To Aquino also should be addressed the plaintive question posed to Noynoy’s Health Secretary, Janette Garin, by a parent at the hearing: How do you sleep at night?
If using a still-untested vaccine on a total of 830,000 children (a number that could still rise if all those vaccinated are accounted for, including those who had their shots at private hospitals and other groups like police officers) is a mere question of politics, I wonder what other important decisions were made using the same consideration during those dark years. Think about it.
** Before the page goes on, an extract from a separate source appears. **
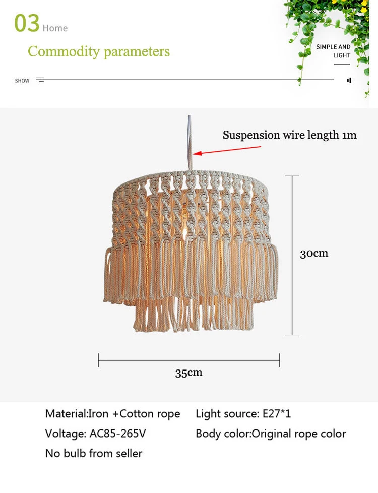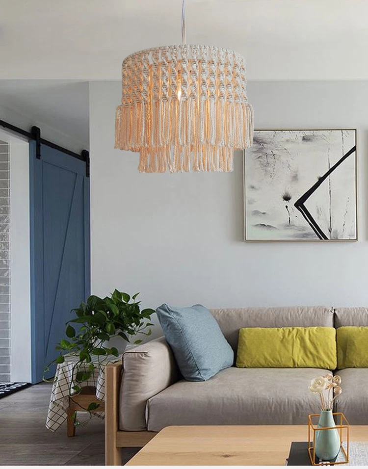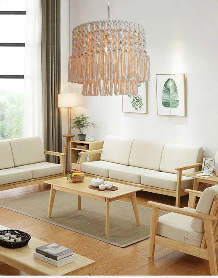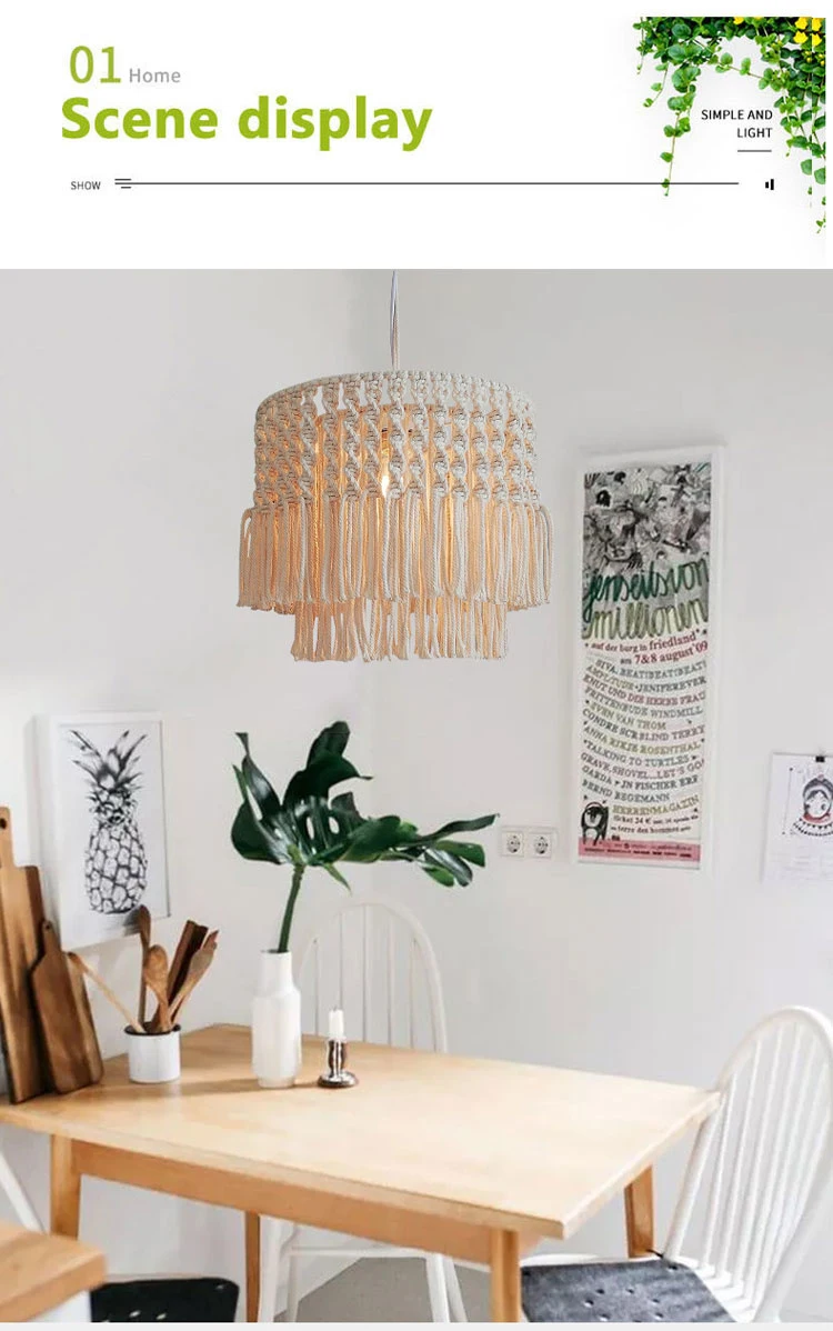 Lustre de Bohème Moderne en Corde de Coton pour Salle à Manger Lampe de Table Balcon Salon

Was the decision to leave 44 police commandos to die in Mamasapano a political decision? Was the delayed and condescending response to the Yolanda tragedy informed by the same politics?
I think Noynoy, Garin and the rest sleep very well at night, thank you very much. After all, to them, everything was probably just a political decision, with no bearing whatsoever on actual persons.
But I wish Go’s truthful but self-condemning statement is remembered by all Filipinos when the next elections come along and some Yellow candidate once again seeks our vote. Remember that to these elitist hypocrites, who like to pose as righteous reformers with no evidence to back up their claims, voters like you are just numbers who aid them in forming political decisions.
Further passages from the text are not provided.